The hearing called Eric Goldstein, Executive Assistant Director for Cybersecurity at the Cybersecurity and Infrastructure Security Agency (CISA); Robert Knake, deputy national cyber director for strategy and budget and acting principal deputy national cyber director in the Office of the National Cyber Director (ONCD); and Tina Won Sherman, director of homeland security and justice at the Government Accountability Office (GAO) to answer Clarke’s questions.

 

“[CISA’s] core goal is ensuring the continuity and resilience of national critical functions,” Goldstein said in his opening statement. “For this reason, at CISA, we are focused on identifying these systemically important entities or SIE’s as we call them, which, if degraded, would cause debilitating systemic or cascading impacts to national critical functions.”

 

“We are engaged today in a rigorous effort to identify these entities understand how they support national critical functions and think creatively about how we can work collaboratively to build our operational collaboration and support these entities to reasonably assure the continuity of national critical functions under all conditions,” Goldstein added.

 

Lawmakers have introduced various efforts to identify such systemically important critical infrastructure, including a legislative attempt by House Homeland Security Committee ranking member John Katko, R-N.Y., introduced last October.

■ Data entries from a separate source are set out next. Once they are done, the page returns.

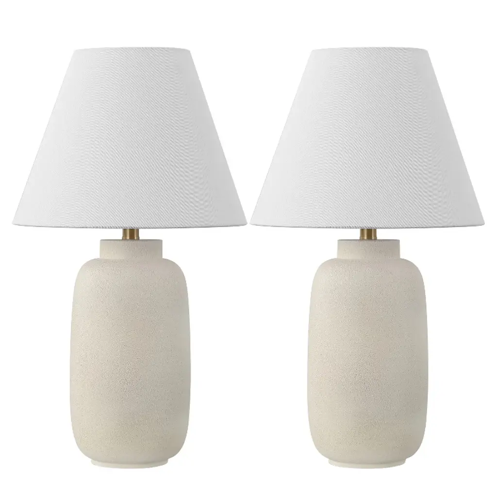 Jonathan Y Elinore 24.5" Minimalist Scandinavian Resin/iron Ginger Jar Led Table Lamp, Matte Cream (Set Of 2)
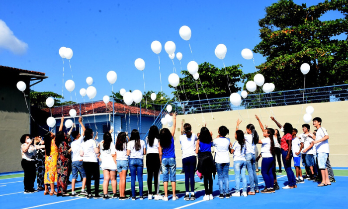 Alunos da E.M. Benedito dos Santos soltam balões com mensagens para a comunidade
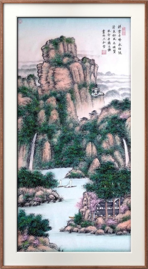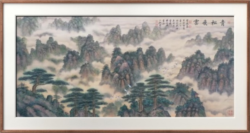 《青松绿竹常相伴,白云清泉常相随》112×56cm
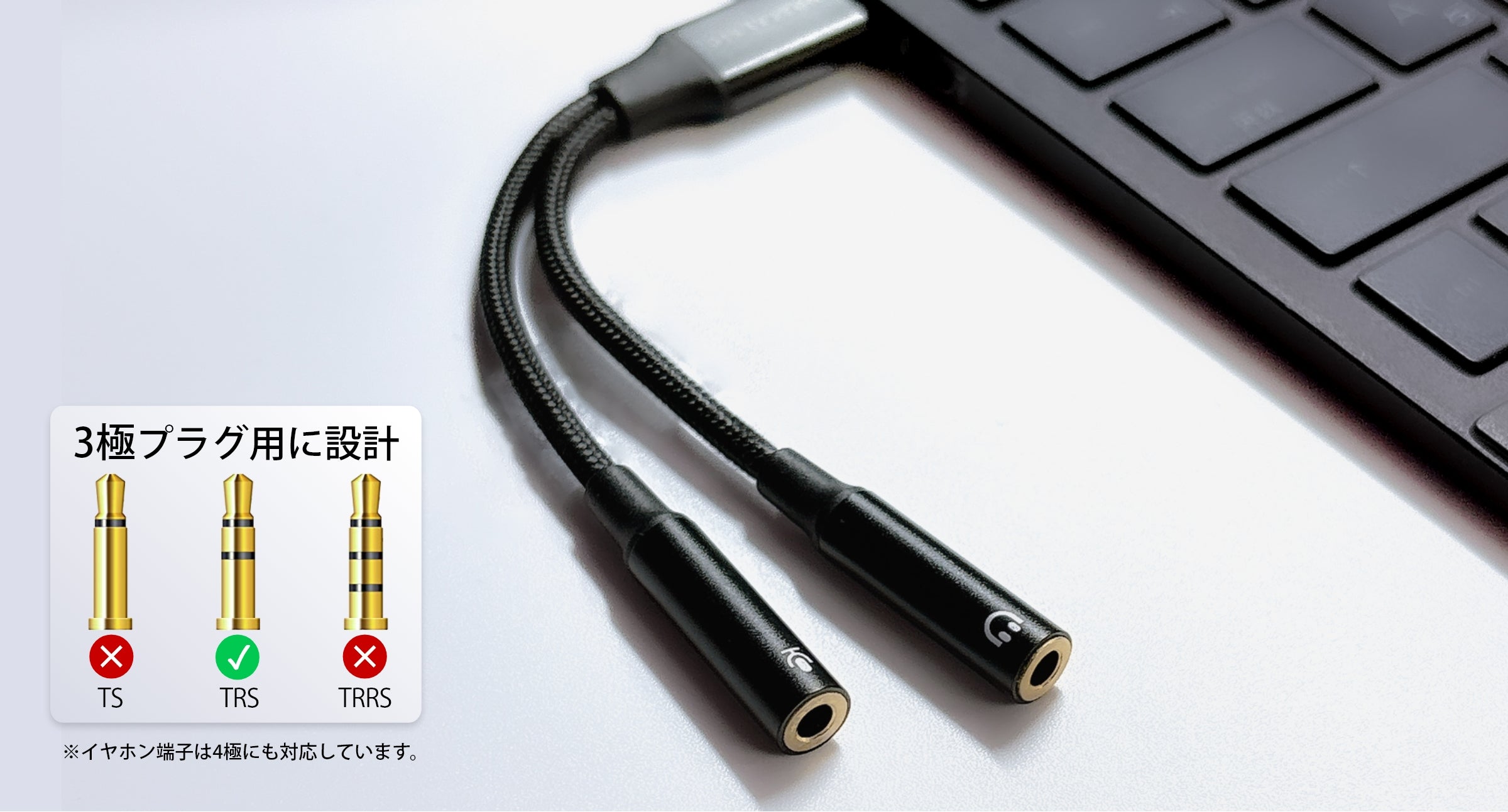 【USBオーディオ変換アダプター】3.5mmプラグのヘッドホン・スピーカーの音声出力やマイク入力を、USBポート経由で使用できるオーディオ変換アダプターです。マイク入力端子は3極(φ3.5mm)に対応し、イヤホン出力端子は3極・4極(φ3.5mm)の両方に対応。 ※マイク入力端子は4極(φ3.5mm)非対応のため、ご注意ください。 ※本製品はUSBポートからオーディオ信号への変換を行うものであり、ノイズ軽減を目的とする場合は別途ノイズフィルターをご用意ください。

However, to date, no such legislation has been enacted.

 

Answering a line of questioning by Clarke, Goldstein said that even if they were to designate the nation’s SIEs today, CISA does not currently have the authority to compel the organizations to share information about the security measures they have in place, their vendors or supply chains, or their relative security risks or vulnerabilities.

 

While CISA doesn’t have the ability to compel such collaboration, Knake took time to credit the levels of success and collaboration that current public-private partnerships, like CISA’s Joint Cyber Defense Collaborative (JCDC), have already led to.

 

“I think we really need to recognize how far we have actually come, particularly, in the last few years,” Knake said in his opening statement. “We’ve gone from a partnership that was fundamentally about having meetings between public policy officials and companies, and public policy officials and organizations, to one in which we have operational collaboration that in some cases is side-by-side, shoulder-to-shoulder.”

 

“Even more importantly, [operational collaboration] has been virtualized, so that people at large companies – these systemically important entities – can engage with the private sector, with the government and can do it in real-time from where they are,” Knake added. “This is a massive leap that the JCDC has really enabled over the last year, and we’re really seeing the benefits of that maturation as we confront the Russians.”

 

Sherman also emphasized the role that such collaborations play in protecting SIEs but also added that the current voluntary nature of such collaboration poses a challenge to protecting the nation’s critical infrastructure.

 

“Protecting the assets, systems, and networks that underpin our daily lives is a pressing and monumental task,” Sherman said. “We must safeguard not only our oil and gas pipelines are water and food manufacturing facilities, but also our cell towers and satellites are financial and health institutions and more from cyber and other attacks that occur almost daily.”

 

“One of the repeated themes that cuts across this work is the continued need to improve collaboration between the government and the private sector,” Sherman added. “The diffuse and voluntary nature of the critical infrastructure landscape continues to pose a range of challenges to this community from implementing security standards and effectively analyzing risks to sharing threat-related information and providing timely support and guidance to stakeholders.”

 

While the goal of the hearing was not to come to a consensus on exactly how to protect SIEs and how to legislate their protection, both witnesses and lawmakers agreed on the need to at least start by identifying SIEs and creating a list that can adapt and change. Such a list is needed because, as Katko R-N.Y., put it, “if all critical infrastructure is systemically important, then nothing is.”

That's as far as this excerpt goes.